How does salary work in South Africa? What should be included in a pay slip? In this article, we will explain everything you need to know about salary for your employees.
How is payroll calculated in South Africa?
Employees are required to receive payment at a minimum on a monthly basis, and the compensation can be delivered through various methods, including:
- Cash
- Cheques, money orders, or postal orders made out to the employee
- Electronic funds transfer (such as EFT or bank transfer).
The specific frequency of payment, whether weekly, fortnightly, or monthly, is typically outlined in awards, enterprise agreements, or registered agreements. In cases where the payment frequency is not explicitly stated, employees are still entitled to receive payments at least on a monthly basis.
You must pay employees money for their work; paying them in non-monetary forms, like goods (e.g., food), is not allowed.
Payroll options for companies
Employers in South Africa have several payroll processing options. These are some of the options:
- Engage an South African payroll processing company, where the employer retains the status of the employer of record, bearing the responsibility for compliance and taxation matters.

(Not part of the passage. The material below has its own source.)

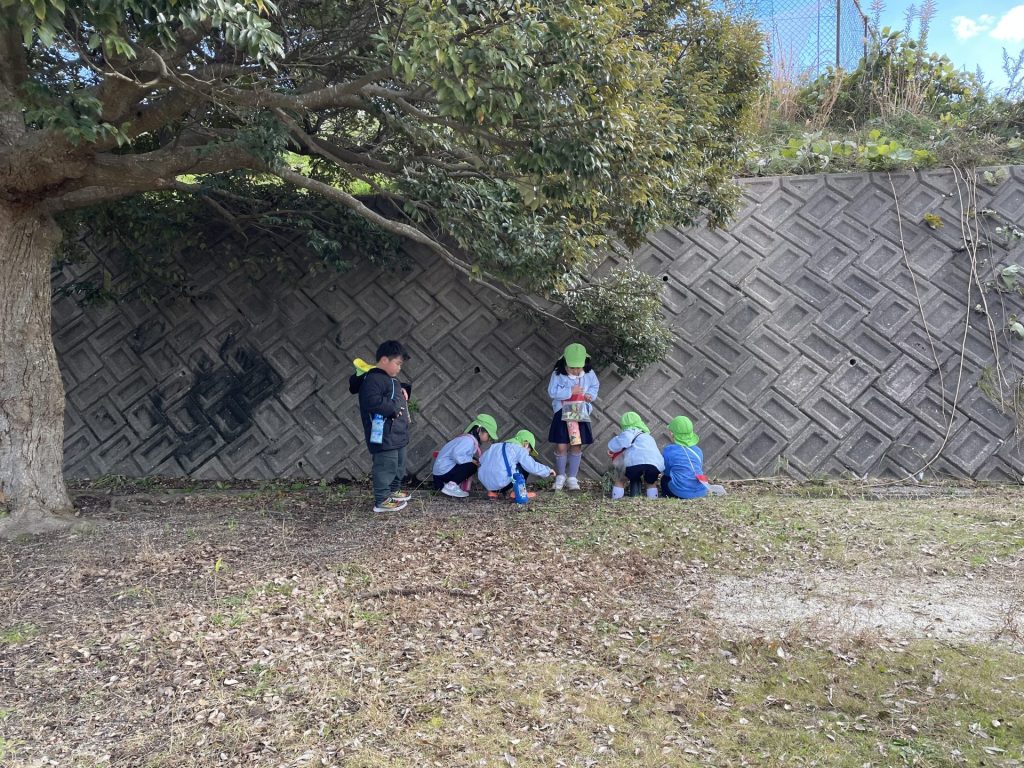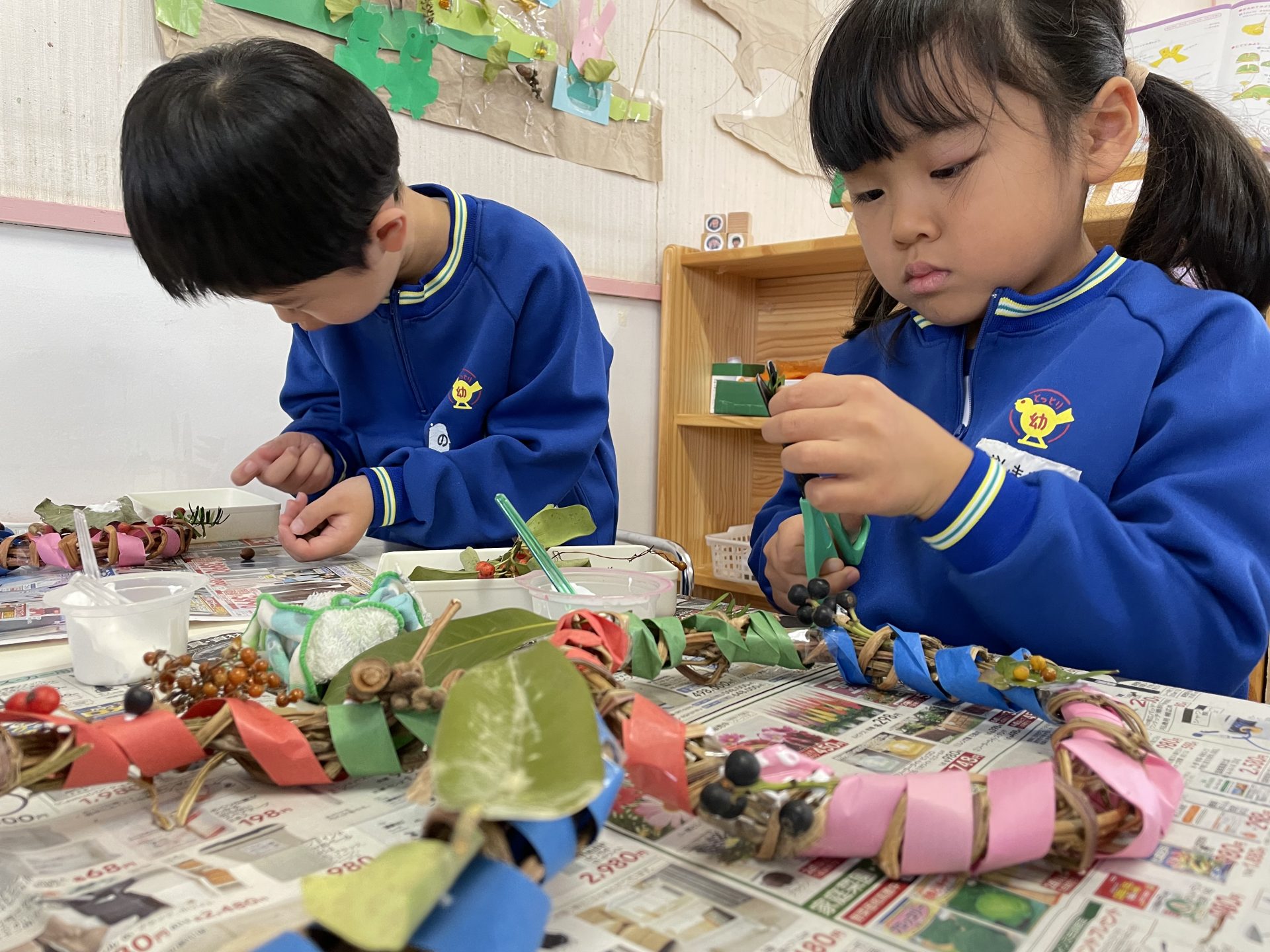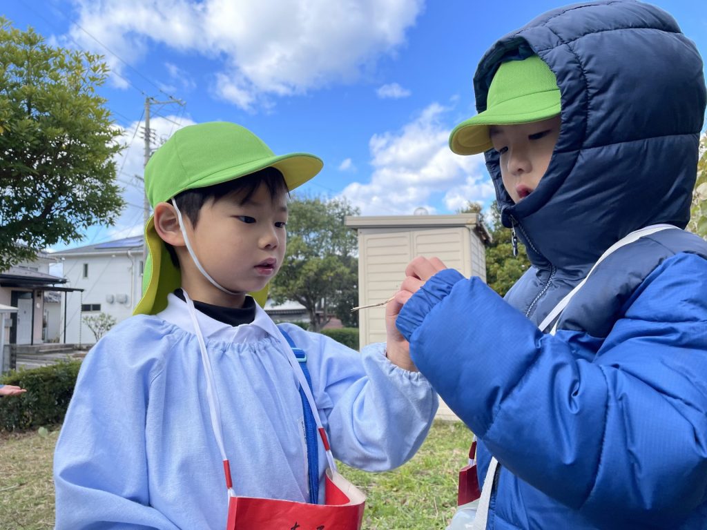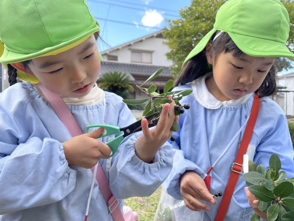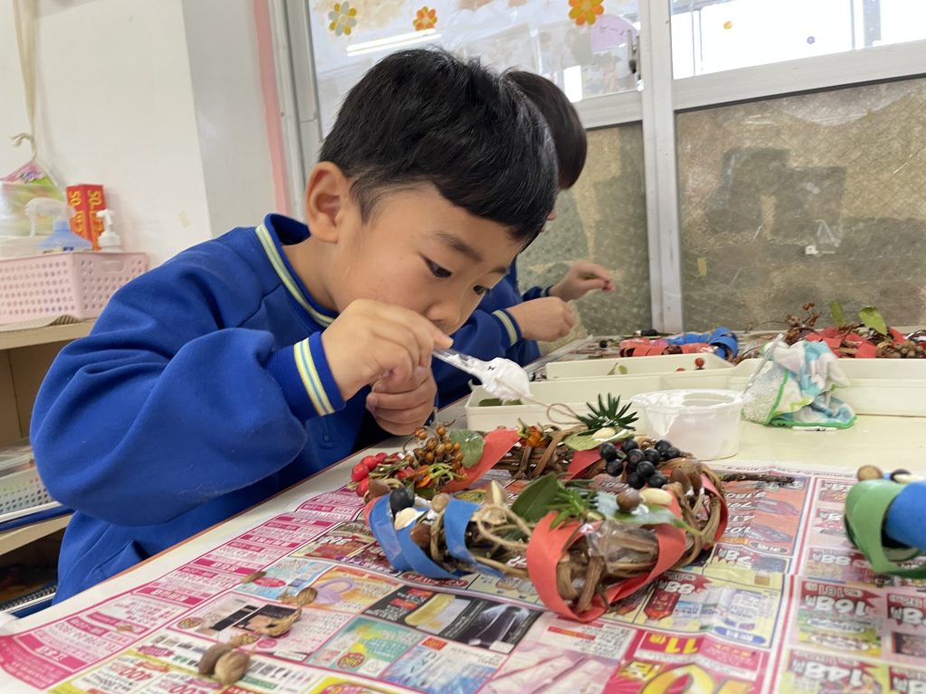 外はひんやり冷え込むようになりました。クリスマスも近づき・・わくわくが止まらない子どもたち🎄そこでみんなで芋づるリースを作ることにしました・・何を飾ろうかな~?「赤い実とか公園にあるよ」とお友達が教えてくれ・・近くの公園へみんなで散歩にでかけました。

- Large companies may choose to handle payroll in-house, necessitating the setup of a subsidiary, business registration, and the hiring of a dedicated payroll team. This approach demands a comprehensive understanding of tax regulations, withholding, and other payroll-related requirements.
Gross and net salary
We often discuss salary in terms of gross and net. Let’s say you have an annual salary of 70 000 South African Rand. This salary is gross, meaning it’s the income before taxes. Net refers to the actual amount someone receives.
Gross signifies a value before any deductions, and gross salary is the amount someone earns before taxes and other deductions are subtracted. Annual and hourly wages specified in the employment contract are gross.
Net is the value after deductions. Net salary is what the employee receives in their account after the employer has deducted tax and any other deductions.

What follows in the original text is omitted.